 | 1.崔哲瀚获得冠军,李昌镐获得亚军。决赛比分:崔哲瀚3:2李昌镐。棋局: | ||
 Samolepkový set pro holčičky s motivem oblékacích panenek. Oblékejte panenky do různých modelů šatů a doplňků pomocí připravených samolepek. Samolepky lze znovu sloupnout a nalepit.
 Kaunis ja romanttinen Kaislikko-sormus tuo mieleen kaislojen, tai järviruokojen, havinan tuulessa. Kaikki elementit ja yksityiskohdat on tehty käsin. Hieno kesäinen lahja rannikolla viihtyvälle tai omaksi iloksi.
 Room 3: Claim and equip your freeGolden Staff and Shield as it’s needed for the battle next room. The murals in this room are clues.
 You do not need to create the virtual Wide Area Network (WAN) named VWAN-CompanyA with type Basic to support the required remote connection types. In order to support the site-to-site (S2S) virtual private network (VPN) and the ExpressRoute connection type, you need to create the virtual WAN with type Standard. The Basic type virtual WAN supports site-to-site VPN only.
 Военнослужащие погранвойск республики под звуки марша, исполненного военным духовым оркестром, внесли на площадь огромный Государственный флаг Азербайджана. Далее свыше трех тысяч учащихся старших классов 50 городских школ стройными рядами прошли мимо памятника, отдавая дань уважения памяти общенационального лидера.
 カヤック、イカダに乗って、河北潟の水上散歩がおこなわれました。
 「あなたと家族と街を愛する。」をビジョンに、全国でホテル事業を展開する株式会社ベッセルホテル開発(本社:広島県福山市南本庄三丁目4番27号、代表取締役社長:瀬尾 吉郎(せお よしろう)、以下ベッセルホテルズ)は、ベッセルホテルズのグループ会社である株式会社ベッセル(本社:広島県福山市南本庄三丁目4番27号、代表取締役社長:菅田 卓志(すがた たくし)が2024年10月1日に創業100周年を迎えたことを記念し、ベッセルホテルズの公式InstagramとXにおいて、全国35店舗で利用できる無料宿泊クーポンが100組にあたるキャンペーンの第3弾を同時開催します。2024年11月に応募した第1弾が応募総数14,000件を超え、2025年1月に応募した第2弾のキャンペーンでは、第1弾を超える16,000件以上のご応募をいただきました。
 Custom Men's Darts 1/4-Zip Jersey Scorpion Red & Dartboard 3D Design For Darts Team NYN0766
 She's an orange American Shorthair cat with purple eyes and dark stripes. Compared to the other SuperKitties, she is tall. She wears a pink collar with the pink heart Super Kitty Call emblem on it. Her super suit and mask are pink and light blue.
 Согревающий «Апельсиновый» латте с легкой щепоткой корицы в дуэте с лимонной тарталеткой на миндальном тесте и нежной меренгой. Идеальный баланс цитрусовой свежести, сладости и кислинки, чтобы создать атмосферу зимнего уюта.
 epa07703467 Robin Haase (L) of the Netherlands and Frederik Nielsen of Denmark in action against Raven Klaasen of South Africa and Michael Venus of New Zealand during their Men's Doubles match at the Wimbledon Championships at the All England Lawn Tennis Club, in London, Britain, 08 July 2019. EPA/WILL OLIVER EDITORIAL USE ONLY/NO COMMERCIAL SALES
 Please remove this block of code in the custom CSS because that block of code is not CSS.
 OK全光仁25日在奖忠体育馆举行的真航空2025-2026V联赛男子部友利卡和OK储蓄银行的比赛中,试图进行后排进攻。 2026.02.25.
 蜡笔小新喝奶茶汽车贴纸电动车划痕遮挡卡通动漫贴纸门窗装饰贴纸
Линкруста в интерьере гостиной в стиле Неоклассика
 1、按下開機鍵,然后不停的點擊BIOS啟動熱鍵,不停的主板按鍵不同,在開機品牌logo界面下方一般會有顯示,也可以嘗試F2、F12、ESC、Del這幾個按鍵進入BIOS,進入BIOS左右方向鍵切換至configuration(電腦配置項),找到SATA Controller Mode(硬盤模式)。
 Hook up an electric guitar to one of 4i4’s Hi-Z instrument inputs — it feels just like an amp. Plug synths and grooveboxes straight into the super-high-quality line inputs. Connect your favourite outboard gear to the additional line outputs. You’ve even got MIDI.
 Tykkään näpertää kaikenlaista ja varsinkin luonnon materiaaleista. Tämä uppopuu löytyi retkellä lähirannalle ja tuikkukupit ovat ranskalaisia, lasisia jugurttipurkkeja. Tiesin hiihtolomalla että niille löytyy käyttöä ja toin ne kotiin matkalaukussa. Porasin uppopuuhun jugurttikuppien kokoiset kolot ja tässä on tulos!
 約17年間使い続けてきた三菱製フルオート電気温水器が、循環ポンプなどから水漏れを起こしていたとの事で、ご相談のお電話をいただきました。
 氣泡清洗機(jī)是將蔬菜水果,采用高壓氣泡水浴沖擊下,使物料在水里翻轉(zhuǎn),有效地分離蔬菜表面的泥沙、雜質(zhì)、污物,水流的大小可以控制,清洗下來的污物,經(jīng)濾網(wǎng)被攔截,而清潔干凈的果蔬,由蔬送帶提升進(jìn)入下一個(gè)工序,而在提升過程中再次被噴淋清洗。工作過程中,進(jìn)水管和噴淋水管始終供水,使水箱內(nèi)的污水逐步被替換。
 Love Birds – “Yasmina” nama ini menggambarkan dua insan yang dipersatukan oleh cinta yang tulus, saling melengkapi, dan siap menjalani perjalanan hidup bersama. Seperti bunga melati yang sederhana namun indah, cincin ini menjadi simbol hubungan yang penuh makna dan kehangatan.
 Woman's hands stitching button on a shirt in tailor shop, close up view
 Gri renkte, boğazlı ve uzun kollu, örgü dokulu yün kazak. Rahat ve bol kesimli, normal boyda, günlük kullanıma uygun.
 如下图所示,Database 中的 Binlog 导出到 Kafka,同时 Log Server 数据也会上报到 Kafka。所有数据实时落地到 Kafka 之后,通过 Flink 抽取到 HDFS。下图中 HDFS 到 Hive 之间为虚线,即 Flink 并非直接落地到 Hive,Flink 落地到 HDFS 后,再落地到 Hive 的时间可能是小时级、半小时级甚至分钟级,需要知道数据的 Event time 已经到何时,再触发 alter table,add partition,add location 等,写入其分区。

^^^^^^^^^^^^^^^^

- [What to produce]:
Starting at the line above that contains "Custom Men's Darts", repeat each line exactly up to and including the line that contains "She's an orange", and stop there.

- [Finished task]:
 Custom Men's Darts 1/4-Zip Jersey Scorpion Red & Dartboard 3D Design For Darts Team NYN0766
 She's an orange American Shorthair cat with purple eyes and dark stripes. Compared to the other SuperKitties, she is tall. She wears a pink collar with the pink heart Super Kitty Call emblem on it. Her super suit and mask are pink and light blue.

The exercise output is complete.